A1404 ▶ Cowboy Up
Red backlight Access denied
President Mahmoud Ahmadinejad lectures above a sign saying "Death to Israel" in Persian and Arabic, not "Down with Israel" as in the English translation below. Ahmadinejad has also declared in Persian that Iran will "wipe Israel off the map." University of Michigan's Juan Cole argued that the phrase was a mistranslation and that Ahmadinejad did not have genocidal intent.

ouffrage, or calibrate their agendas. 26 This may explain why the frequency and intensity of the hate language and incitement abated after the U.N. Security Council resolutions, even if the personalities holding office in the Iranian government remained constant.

--

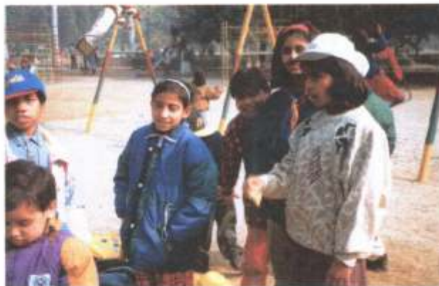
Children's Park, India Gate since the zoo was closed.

...

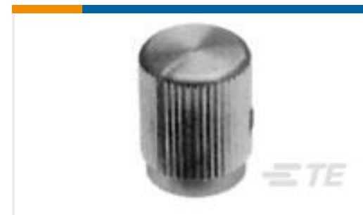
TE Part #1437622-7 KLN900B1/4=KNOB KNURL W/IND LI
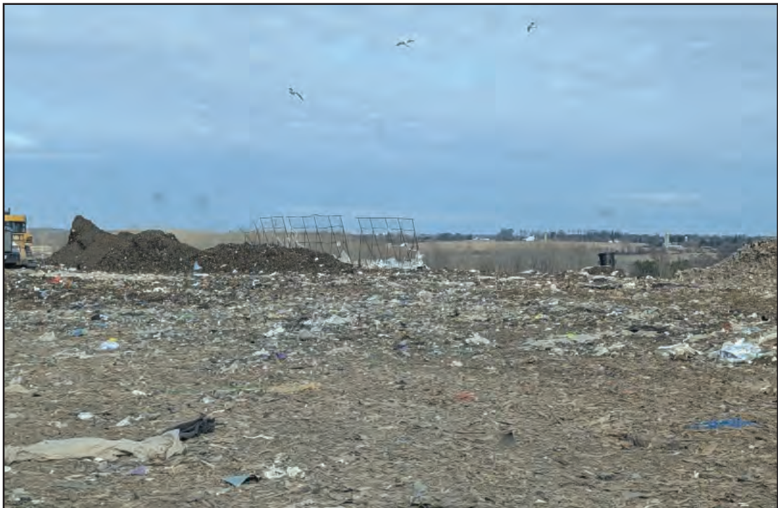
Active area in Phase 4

EXERCISE OBJECTIVE -
Set down exactly the lines above, from the line containing "TE Part #1437622-7" through the line containing "Active area in Phase 4". Skip the pictures.

SOLUTION TO THIS EXERCISE -
TE Part #1437622-7 KLN900B1/4=KNOB KNURL W/IND LI
Active area in Phase 4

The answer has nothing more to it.